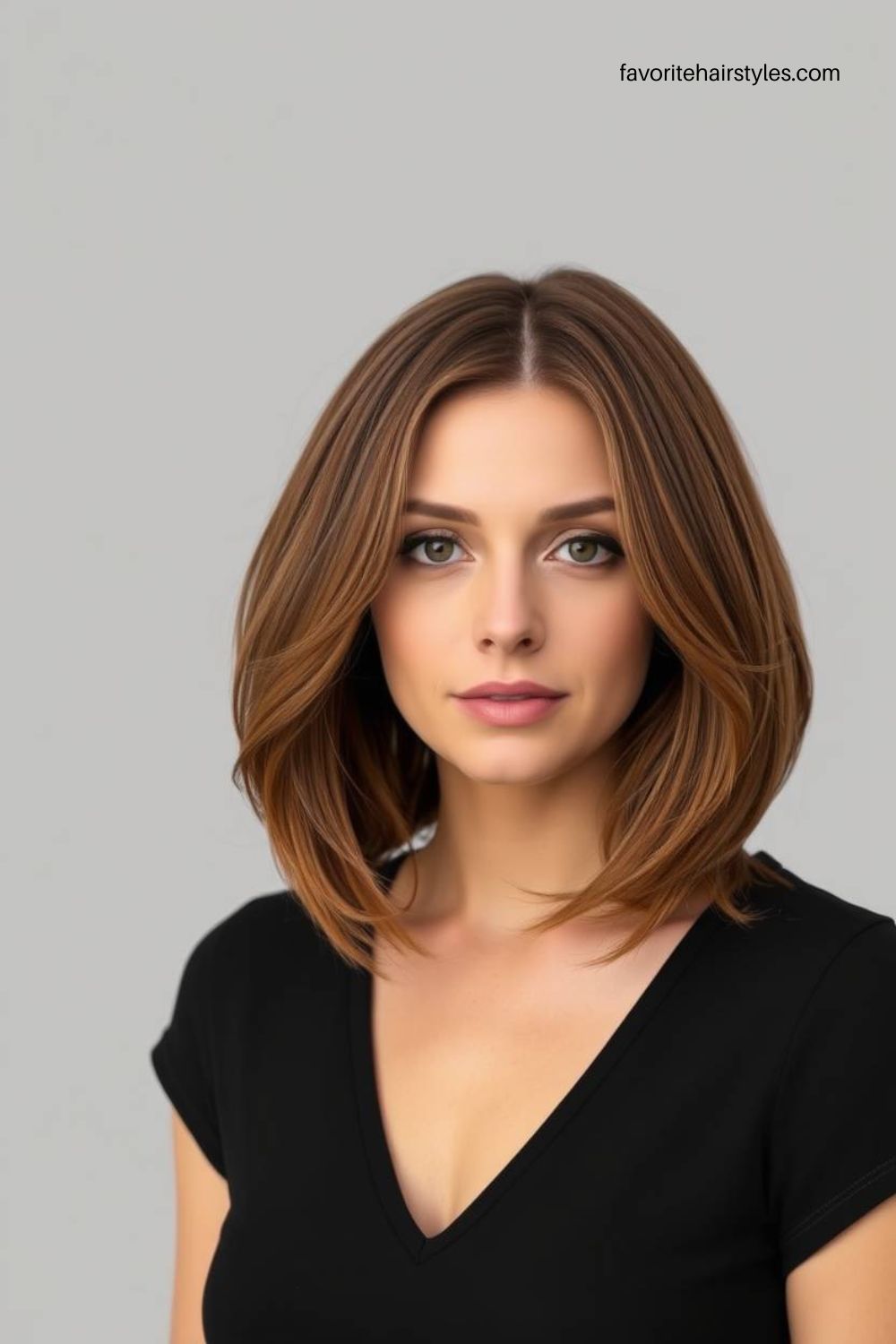 A caramel brown bob with layers is a timeless and flattering hairstyle. The layers add movement and shape to the bob, while the caramel brown color gives it a rich, warm finish.
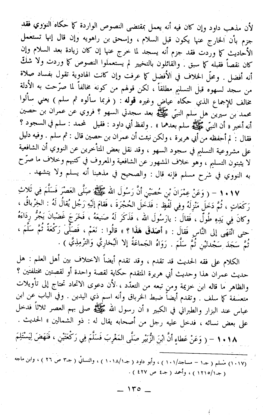 1017 - (وَعَنْ عِمْرَانَ بْنِ حُصَيْنٍ «أَنَّ رَسُولَ اللَّهِ - صَلَّى اللَّهُ عَلَيْهِ وَسَلَّمَ - صَلَّى الْعَصْرَ فَسَلَّمَ فِي ثَلَاثِ رَكَعَاتٍ، ثُمَّ دَخَلَ مَنْزِلَهُ وَفِي لَفْظٍ: فَدَخَلَ الْحُجْرَةَ، فَقَامَ إلَيْهِ رَجُلٌ يُقَال لَهُ: الْخِرْبَاقُ، وَكَانَ فِي يَدِهِ طُولٌ، فَقَالَ يَا رَسُولَ اللَّهِ، فَذَكَر لَهُ صَنِيعَهُ، فَخَرَجَ غَضْبَانَ يَجُرُّ رِدَاءَهُ حَتَّى انْتَهَى إلَى النَّاسِ فَقَالَ: أَصَدَقَ هَذَا؟ قَالُوا: نَعَمْ، فَصَلَّى رَكْعَةً ثُمَّ سَلَّمَ، ثُمَّ سَجَدَ سَجْدَتَيْنِ ثُمَّ سَلَّمَ» . رَوَاهُ الْجَمَاعَةُ إلَّا الْبُخَارِيَّ وَالتِّرْمِذِيَّ) . الْكَلَام عَلَى فِقْهِ الْحَدِيثِ قَدْ تَقَدَّمَ، وَقَدْ تَقَدَّمَ أَيْضًا الِاخْتِلَافُ بَيْنَ أَهْلِ الْعِلْمِ: هَلْ حَدِيثُ عِمْرَانَ هَذَا وَحَدِيثُ أَبِي هُرَيْرَةَ الْمُتَقَدِّم حِكَايَةٌ لِقِصَّةٍ وَاحِدَةٍ أَوْ لِقِصَّتَيْنِ مُخْتَلِفَتَيْنِ؟ وَالظَّاهِرُ مَا قَالَهُ خُزَيْمَةَ وَمَنْ تَبِعَهُ مِنْ التَّعَدُّدِ، دَعْوَى الِاتِّحَادِ تَحْتَاجُ إلَى تَأْوِيلَاتٍ مُتَعَسِّفَةٍ كَمَا سَلَفَ. وَتَقَدَّمَ أَيْضًا ضَبْطُ الْخِرْبَاقِ وَأَنَّهُ اسْمُ ذِي الْيَدَيْنِ.
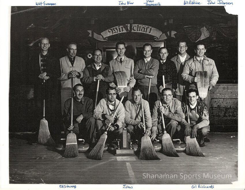 photocopy of photograph of a curling team. Back Row, L-R: Walt Swanson, unknown, unknown, John Blar, Marv Tommervik, unknown, Bill Ristine, John Johnsen. Front Row: Ed Stevens, far left, Gil Richards, far right.
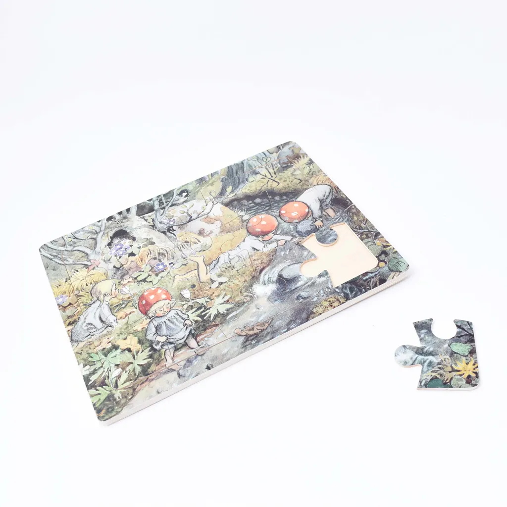 Ett charmigt rampussel i trä med vackert motiv från Elsa Beskows älskade berättelse om Tomtebobarnen. Pusslet består av 15 rejäla bitar som ligger i en stadig ram – perfekt för små händer att hantera. Träbitarna är tåliga och lätta att greppa, vilket gör detta pussel till ett utmärkt val för barn som övar på sin finmotorik och problemlösning. Motivet är rikt på färger och detaljer, och inspirerar till både lek och samtal om naturen, årstiderna och sagans värld.
====================
> **Work item**:
The data needs to be reproduced exactly, please, apart from its pictures.

> **Solved problem**:
 A caramel brown bob with layers is a timeless and flattering hairstyle. The layers add movement and shape to the bob, while the caramel brown color gives it a rich, warm finish.
 1017 - (وَعَنْ عِمْرَانَ بْنِ حُصَيْنٍ «أَنَّ رَسُولَ اللَّهِ - صَلَّى اللَّهُ عَلَيْهِ وَسَلَّمَ - صَلَّى الْعَصْرَ فَسَلَّمَ فِي ثَلَاثِ رَكَعَاتٍ، ثُمَّ دَخَلَ مَنْزِلَهُ وَفِي لَفْظٍ: فَدَخَلَ الْحُجْرَةَ، فَقَامَ إلَيْهِ رَجُلٌ يُقَال لَهُ: الْخِرْبَاقُ، وَكَانَ فِي يَدِهِ طُولٌ، فَقَالَ يَا رَسُولَ اللَّهِ، فَذَكَر لَهُ صَنِيعَهُ، فَخَرَجَ غَضْبَانَ يَجُرُّ رِدَاءَهُ حَتَّى انْتَهَى إلَى النَّاسِ فَقَالَ: أَصَدَقَ هَذَا؟ قَالُوا: نَعَمْ، فَصَلَّى رَكْعَةً ثُمَّ سَلَّمَ، ثُمَّ سَجَدَ سَجْدَتَيْنِ ثُمَّ سَلَّمَ» . رَوَاهُ الْجَمَاعَةُ إلَّا الْبُخَارِيَّ وَالتِّرْمِذِيَّ) . الْكَلَام عَلَى فِقْهِ الْحَدِيثِ قَدْ تَقَدَّمَ، وَقَدْ تَقَدَّمَ أَيْضًا الِاخْتِلَافُ بَيْنَ أَهْلِ الْعِلْمِ: هَلْ حَدِيثُ عِمْرَانَ هَذَا وَحَدِيثُ أَبِي هُرَيْرَةَ الْمُتَقَدِّم حِكَايَةٌ لِقِصَّةٍ وَاحِدَةٍ أَوْ لِقِصَّتَيْنِ مُخْتَلِفَتَيْنِ؟ وَالظَّاهِرُ مَا قَالَهُ خُزَيْمَةَ وَمَنْ تَبِعَهُ مِنْ التَّعَدُّدِ، دَعْوَى الِاتِّحَادِ تَحْتَاجُ إلَى تَأْوِيلَاتٍ مُتَعَسِّفَةٍ كَمَا سَلَفَ. وَتَقَدَّمَ أَيْضًا ضَبْطُ الْخِرْبَاقِ وَأَنَّهُ اسْمُ ذِي الْيَدَيْنِ.
 photocopy of photograph of a curling team. Back Row, L-R: Walt Swanson, unknown, unknown, John Blar, Marv Tommervik, unknown, Bill Ristine, John Johnsen. Front Row: Ed Stevens, far left, Gil Richards, far right.
 Ett charmigt rampussel i trä med vackert motiv från Elsa Beskows älskade berättelse om Tomtebobarnen. Pusslet består av 15 rejäla bitar som ligger i en stadig ram – perfekt för små händer att hantera. Träbitarna är tåliga och lätta att greppa, vilket gör detta pussel till ett utmärkt val för barn som övar på sin finmotorik och problemlösning. Motivet är rikt på färger och detaljer, och inspirerar till både lek och samtal om naturen, årstiderna och sagans värld.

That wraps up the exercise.